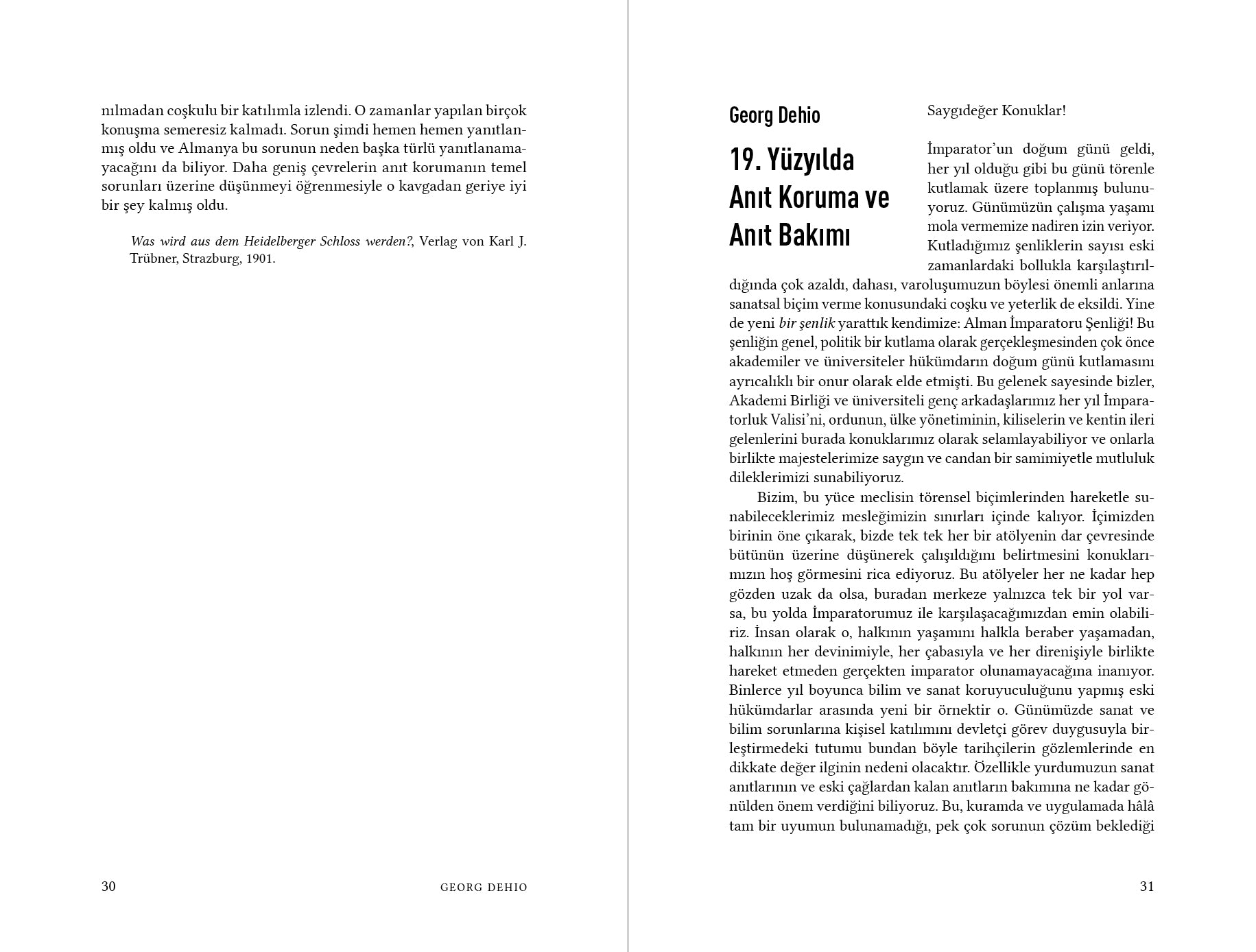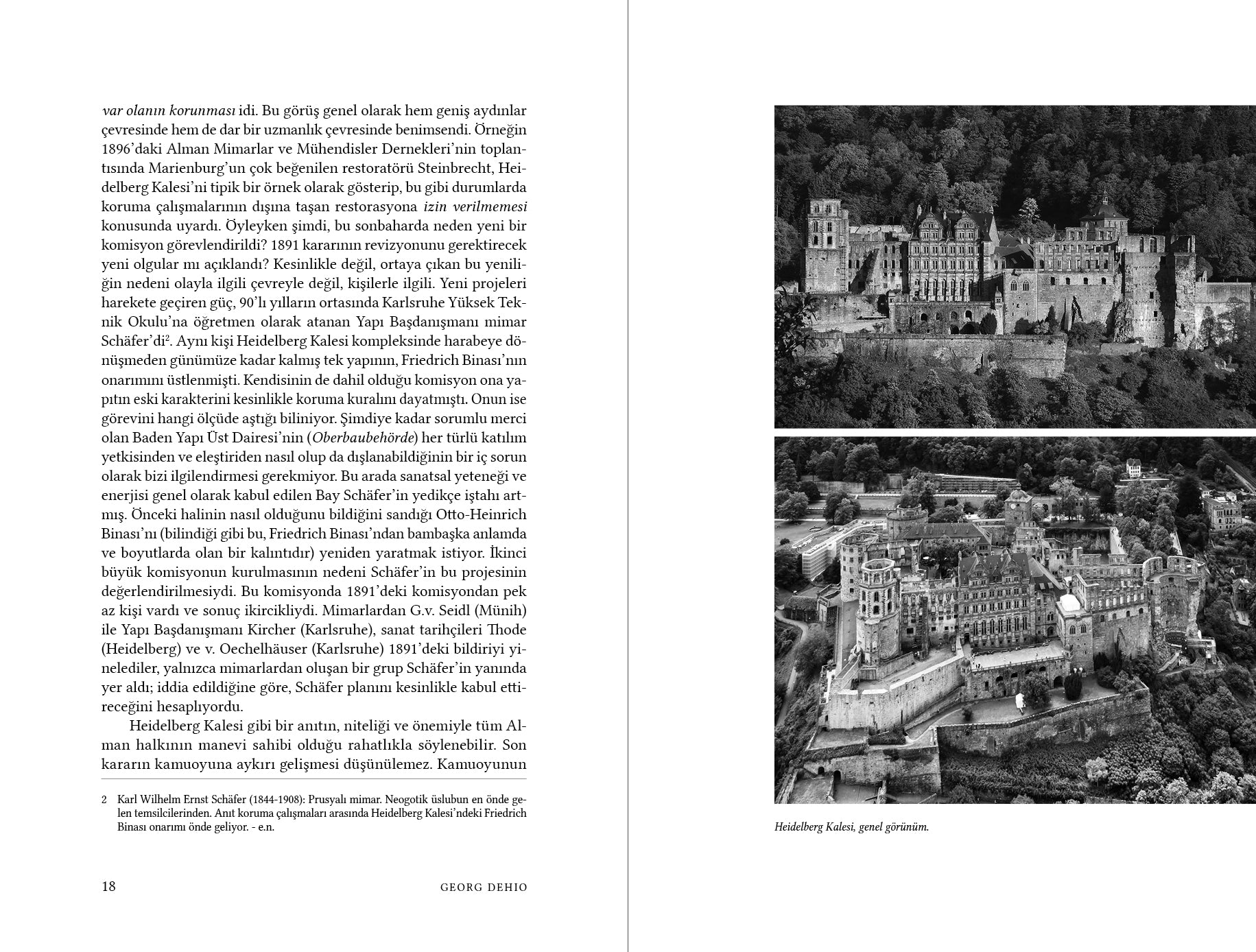 "'Restore Etmeyelim, Koruyalım!' başlıklı kitabın içeriğini oluşturan metinlerin bildirisi, Dehio'nun 'Doğru olan restore etmek değil, korumaktır' sözleriyle özetlenebilir. 19 yüzyıl, restorasyon ve koruma bağlamında iki karşıt görüşün çatışmasına sahne olmuştu. Bu görüşlerden ilki, anıtı kendi saf üslubuna götürmeyi amaçlayan Viollet-le-Duc'e, ikincisi ise, tarihsel yapıya dokunmaya hiçbir şekilde hakkımız yok diyen John Ruskin'e aitti. John Ruskin için, anıt ölmeliydi; onun güzel ölümü geleceğin mimarlarına örnek olacaktı. Ruskin'in düşüncelerinin arka planında, kökleri 17 yüzyıla kadar giden 'harabe kültürü' ve 'harabe estetiği' yer alıyor. 18 yüzyıl, 'harabe kültürü'nün doruğa ulaştığı yüzyıl olur. Diderot, harabe resimlerinden oluşan bir Salon'u gezdikten sonra 'Bir anıtı ilginç kılmak için harabeye dönüştürmek gerek.' der. İngiliz mimar John Soane bu kültürü, kendi kurduğu müzenin ana konseptine dönüştürür, harabe estetiğini bir sonraki yüzyıla taşır.
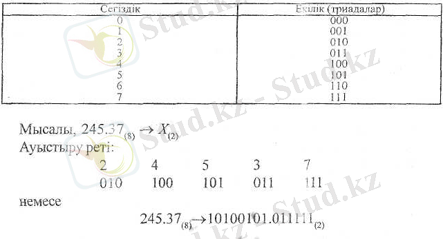 1. Сегіздік және екілік жуйелердің арасындағы байланыс.
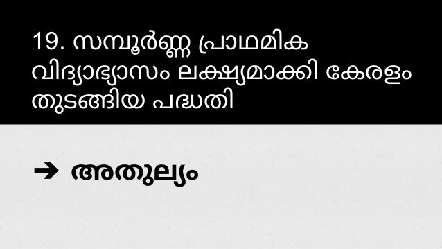 - 21. ➔ അതുല്യം 19. സമ്പൂർണ്ണ പാഥമിക വിദ്യാഭ്യാസം ലക്ഷ്യമാക്കി േകരളം തുടങ്ങിയ പദ്ധതി
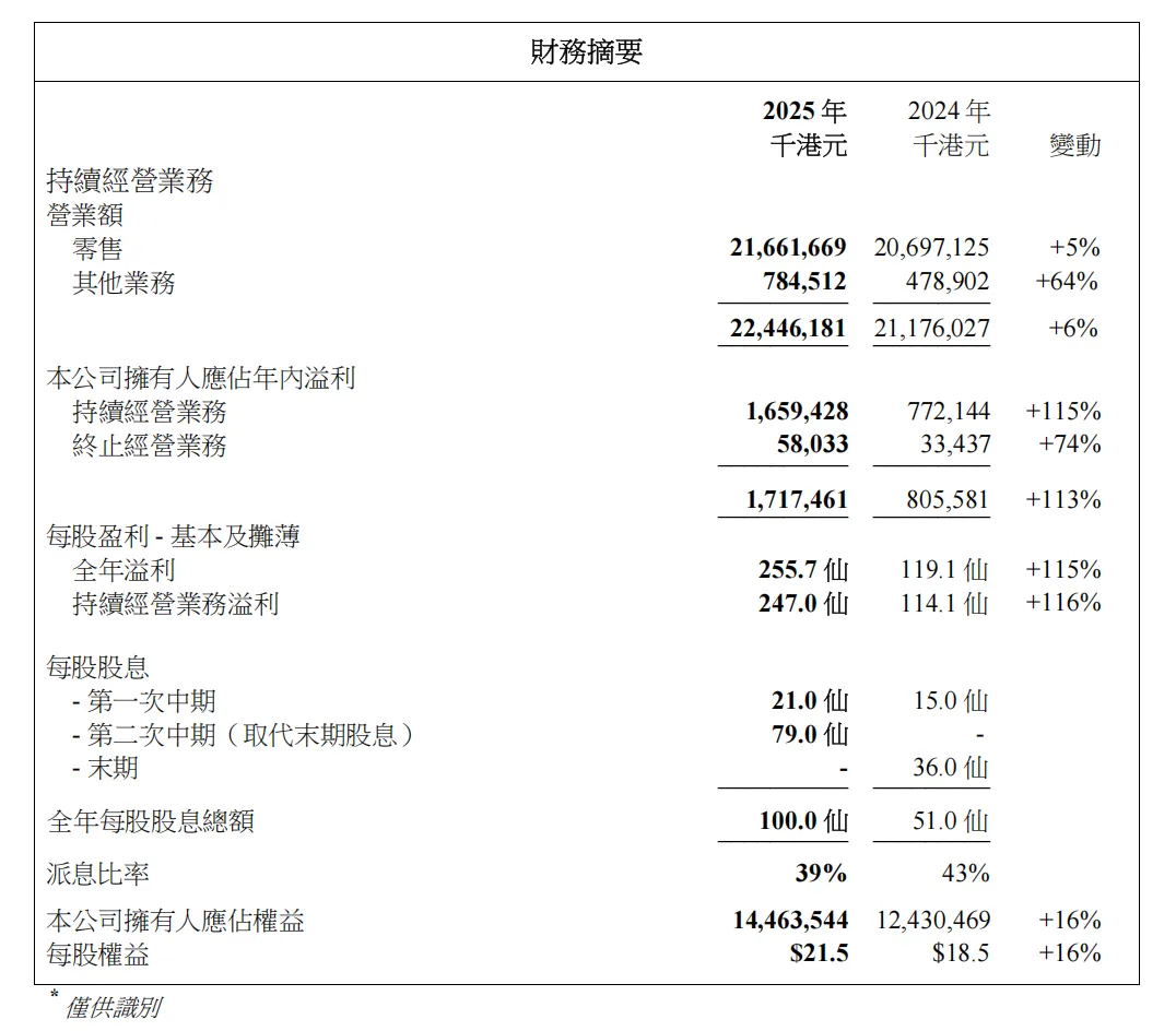 业绩摘要:逆势增长的华丽转身 周生生集团2025年的财报呈现出一份令人瞩目的成绩单,在充满挑战的经营环境中实现了营收和利润的双增长。本集团持续经营业务的综合营业额上升6%至22,446,181千港元,其中珠宝及钟表零售较2024年增长5%至21,661,669千港元。更为亮眼的是利润层面的表现,来自持续经营业务的本公司拥有人应占溢利上升115%,创下1,659,428千港元的历史新高。这一增长不仅反映出金价上涨带来的成本优势,更体现了集团在产品结构调整和成本控制方面的战略执行力。每股盈利也从2024年的119.1仙跃升至255.7仙,增幅高达115%,全年每股股息总额达到100.0仙,较2024年的51.0仙接近翻倍。 财务表现:毛利率显著改善驱动盈利飞跃 深入分析财报数据可以发现,2025年业绩增长的核心驱动力在于毛利率的显著改善。本集团持续经营业务的毛利率上升4.3个百分点至32.6%,这一提升主要归因于两项关键因素。首先是金价上升的正面效应,集团过往以较低成本购入的存货在出售时录得较高利润,这为盈利能力提供了自然支撑。其次是产品结构的优化,集团成功推广毛利率较高的定价黄金饰品,使其在中国大陆和香港及澳门的总销售额中分别占比约26%和14%。这两项因素共同作用,不仅抵消了零售环境充满挑战带来的压力,更为零售分部业绩带来了141%的大幅增长。 成本控制方面的成效同样值得关注。由于持续优化零售网络带来的成本节省,销售及分销费用以及行政费用下降6%。在毛利率改善和成本下降的双重利好下,零售分部的业绩从2024年的1,118,497千港元增长至2025年的2,695,498千港元,增幅达到141%。这一数字充分证明了集团战略调整的有效性,也为未来的持续增长奠定了基础。 地区表现:中国大陆引领增长,香港澳门表现强劲 从地区层面来看,珠宝及钟表零售分部中所有主要地区市场的收益均录得增长,展现出集团业务的韧性。中国大陆市场的收益达到13,818,653千港元,较2024年增长2%,香港及澳门市场的收益为7,388,711千港元,增幅为8%,台湾市场则表现最为抢眼,收益达到454,305千港元,增长37%。分部业绩的增长更为显著,中国大陆分部业绩达到1,701,685千港元,较2024年的637,721千港元增长167%,香港及澳门分部业绩为905,464千港元,较2024年的429,838千港元增长111%,台湾分部业绩为88,349千港元,较2024年的50,938千港元增长73%。 同店销售的增长趋势尤其值得关注。中国大陆和香港及澳门在2025年下半年度均录得同店销售增长上升势头。在香港及澳门,各类黄金产品的需求十分强劲,反映出金价波动反而刺激了市场对黄金产品的关注与需求。中国大陆的同店销售增长则呈现持续改善趋势,受惠于2025年下半年度计价产品的需求有所改善,以及高端商圈分店录得强劲的同店销售增长。这一分化现象表明,不同地区市场的消费行为和偏好存在差异,集团需要根据各地特点采取差异化的经营策略。 战略调整:网络优化与全渠道发展 2025年,周生生集团在战略层面进行了重要的网络优化调整。年内,集团持续推行零售店网络整合策略,在中国大陆,集团于关键策略性地段开设了31家分店,主要位于二线或以上城市,同时关闭了146家未能配合集团策略方向的分店,净减少115家分店。这一调整体现了集团从规模扩张向质量提升的战略转变。在香港,集团在尖沙咀广东道增加了1家周生生分店,澳门的点睛品分店数目为7家,在台湾开设了4家新店,包括3家点睛品分店和1家PROMESSA分店。 这种审慎而有纪律的网络优化做法有助于资本的有效配置,从而提升成本效益及盈利能力,同时维持集团的市场覆盖及竞争定位。截至2025年12月31日,珠宝零售合记分店数为825家,较2024年12月31日的939家减少114家,钟錶零售合记分店数为15家,较2024年的19家减少4家,分店合计从958家减少至840家。 全渠道策略的持续推进为集团的发展提供了新的增长动力。全渠道销售占总零售销售百分比为23%,与2024年持平,但各地区存在差异。中国大陆的全渠道销售占比为31%,香港、澳门、台湾及其他地区为6%。线上销售方面,中国大陆的线上销售为3,364百万港元,较2024年的2,967百万港元增长13%,香港、台湾及其他海外市场的线上销售为402百万港元,较2024年的310百万港元增长30%。中国大陆的线上销售占中国大陆总销售约24%,较2024年的22%有所提升。集团透过第三方电子商贸平台合作夥伴以及自家渠道,结合自家及外聘主播,举办超过2,400场直播活动,累计时数约30,000小时,较2024年的26,000小时有显著增加。 财务状况:稳健的资本结构和充裕的流动资金 从财务状况来看,周生生集团展现出稳健的资本结构和充裕的流动资金。于2025年12月31日,本集团现金及等同现金为978,288千港元,较2024年的1,335,827千港元有所下降,但这主要是因为集团进行了股份购回和优化现金管理。本集团获得约13,816百万港元的银行融资支持,包括银行贷款及贵金屬借貸,其中728百万港元为保证融资。未动用之银行融资总额为6,183百万港元,与2024年持平。 于2025年12月31日,本集团总银行贷款及贵金屬借貸分别为1,753百万港元及5,658百万港元,按本集团政策以无抵押方式取得。按总银行贷款及贵金屬借貸扣除现金及等同现金后的净额为6,433百万港元,以本公司拥有人应占权益14,464百万港元为基准,净资本负债比率为44.5%,处于合理水平。本集团的流动比率为2.3,显示出良好的短期偿债能力。 在风险管理方面,集团采取
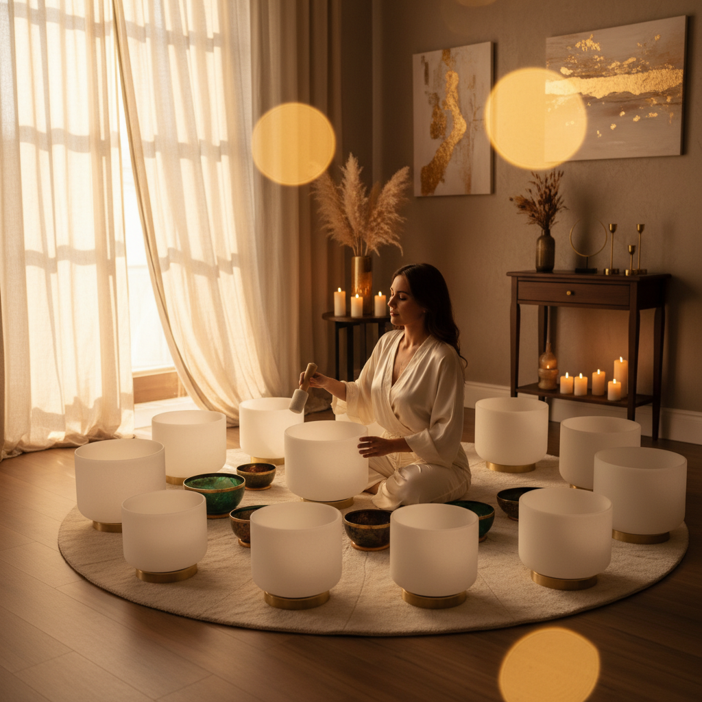 We utilize a diverse array of resonant instruments, including meticulously crafted Tibetan singing bowls, ethereal crystal bowls, and powerful gongs. Each instrument is chosen for its specific frequency and ability to induce deep meditative states. The gentle vibrations permeate the body, releasing physical and emotional blockages, and soothing the nervous system. Larissa Steinbach curates each sound journey with intention, guiding participants towards states of profound relaxation, emotional release, and energetic rebalancing. Our studios in Dubai offer a luxurious yet grounding atmosphere, where every detail is designed to enhance the restorative experience.
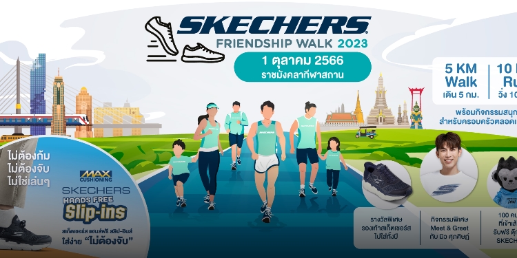 คุณไข่มุกนิลเศรษฐีผู้จัดการประจำส่วนภูมิภาคบริษัทสเก็ตเชอร์ส (ไทยแลนด์) จำกัดกล่าวว่า “ปีนี้นับเป็นปีที่ 4 ที่สเก็ตเชอร์สได้จัดกิจกรรมเดินวิ่ง“SKECHERS FRIENDSHIP WALK 2023” โดยในปีนี้เราตั้งเป้ารับสมัครผู้เข้าร่วมจำนวน 3,000 คนขณะนี้มีผู้สมัครมาแล้วกว่า 30% ซึ่งกิจกรรมครั้งนี้เรารับสมัครตั้งแต่อายุ 6 ขวบขึ้นไปดังนั้นสามารถรวมตัวมาเดินหรือวิ่งเป็นครอบครัวหรือกับเพื่อนๆก็สนุกไม่แพ้กัน ยิ่งถ้าได้สวมใส่รองเท้าคุณภาพดีและใส่สบายก็จะทำให้การออกกำลังกายนั้นสนุกยิ่งขึ้น ซึ่งสเก็ตเชอร์สมีรองเท้าและเครื่องแต่งกายให้เลือกใส่ตามประเภทการใช้งานมากมายทั้งสำหรับการเดินวิ่งเทรลฟิตเนสโยคะและกอล์ฟหรือจะเป็นลุคลำลองสำหรับใส่ประจำวันอาทิ “Skechers Slip-ins: Max Cushioning Premier” ที่ยกระดับความสบายขึ้นไปอีกขั้นโดยไม่ต้องใช้มือช่วยสวมใส่ด้วยการออกแบบที่เป็นเอกสิทธิ์เฉพาะ Heel Pillow™ ช่วยโอบอุ้มเท้าให้มั่นคงพื้นบุนวม ULTRA GO® ซึ่งช่วยให้สวมใส่ได้อย่างง่ายดายและพื้นรองเท้าชั้นในกับเทคโนโลยี Skechers Air-Cooled Memory Foam®
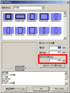 配置した窓をダブルクリックし、プロパティで「床からの高さ」を[-250〜0]で設定します。
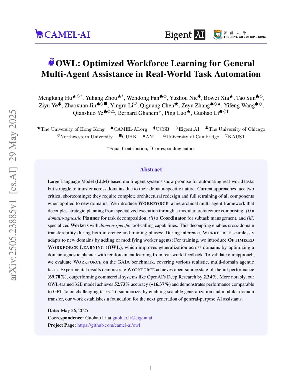 OWL: Optimized Workforce Learning for General Multi-Agent Assistance in Real-World Task Automation
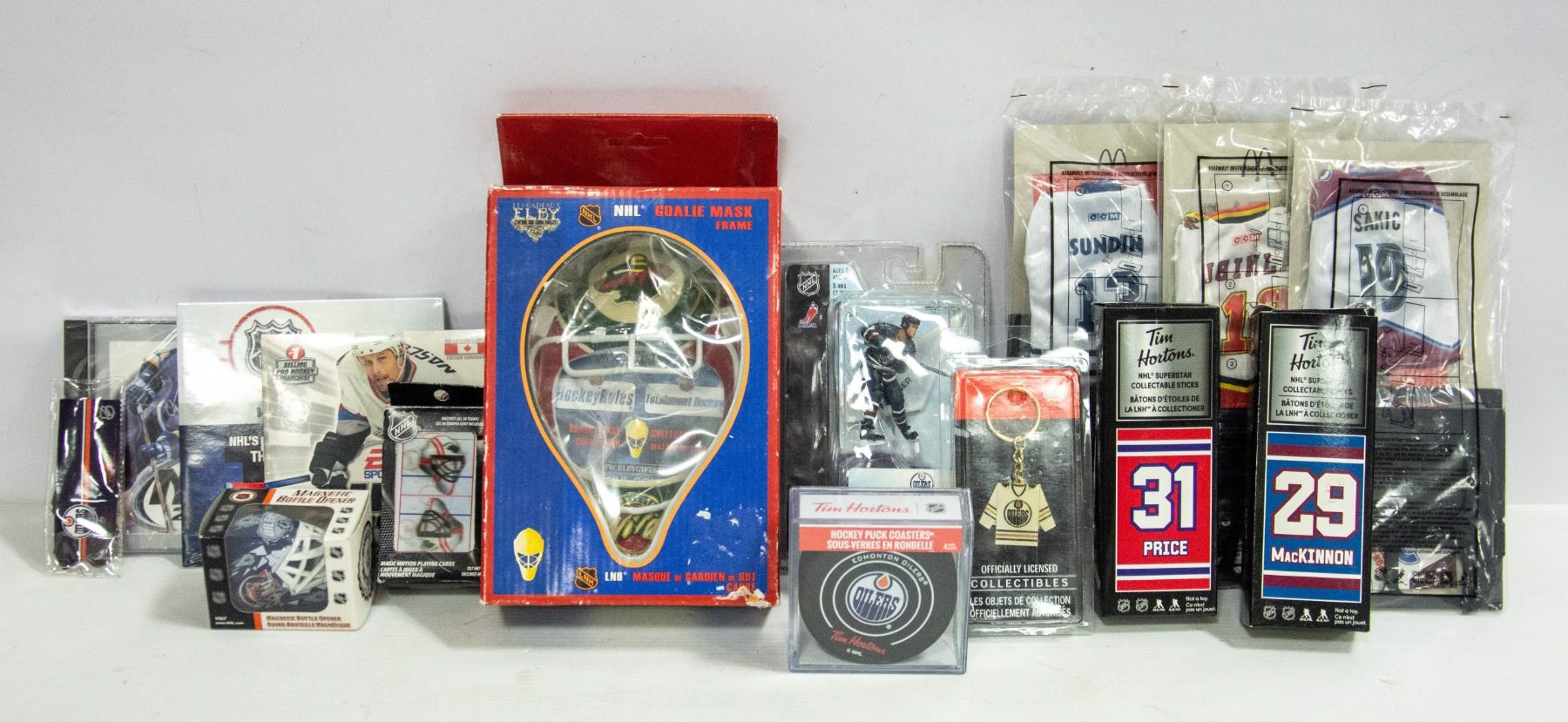MCDONALDS 3 MINI JERSEY, OILERS COASTERS, 2 TIM HORTON STICKSM MAGNETIC BOTTLE OPENER & 1 OILER, NHL MAGIC MOTION PLAYING CARDS, NHL OILERS CHRIS PRONGER OILERS FIGURINE & MORE**ALL ITEMS MUST BE REMOVED BY 5PM MONDAY, OCTOBER 17TH, 2022. ALL REMAINING ITEMS WILL BE SUBJECT TO A $6.00 PER DAY STORAGE CHARGE. ANY ITEMS REMAINING AFTER MONDAY, OCTOBER 29, 2022 WILL BE CONSIDERED FORFEITED. NO REFUNDS WILL BE ISSUED FOR FORFEITED ITEMS. TO SCHEDULE A PICK UP APPOINTMENT CLICK HERE
- - -
* PROMPT *
What are the lines above from the one with "1. Сегіздік және" to the one with "- 21. ➔ അതുല്യം", both included? Reproduce them exactly, without pictures.

* RESPONSE BOX *
 1. Сегіздік және екілік жуйелердің арасындағы байланыс.
 - 21. ➔ അതുല്യം 19. സമ്പൂർണ്ണ പാഥമിക വിദ്യാഭ്യാസം ലക്ഷ്യമാക്കി േകരളം തുടങ്ങിയ പദ്ധതി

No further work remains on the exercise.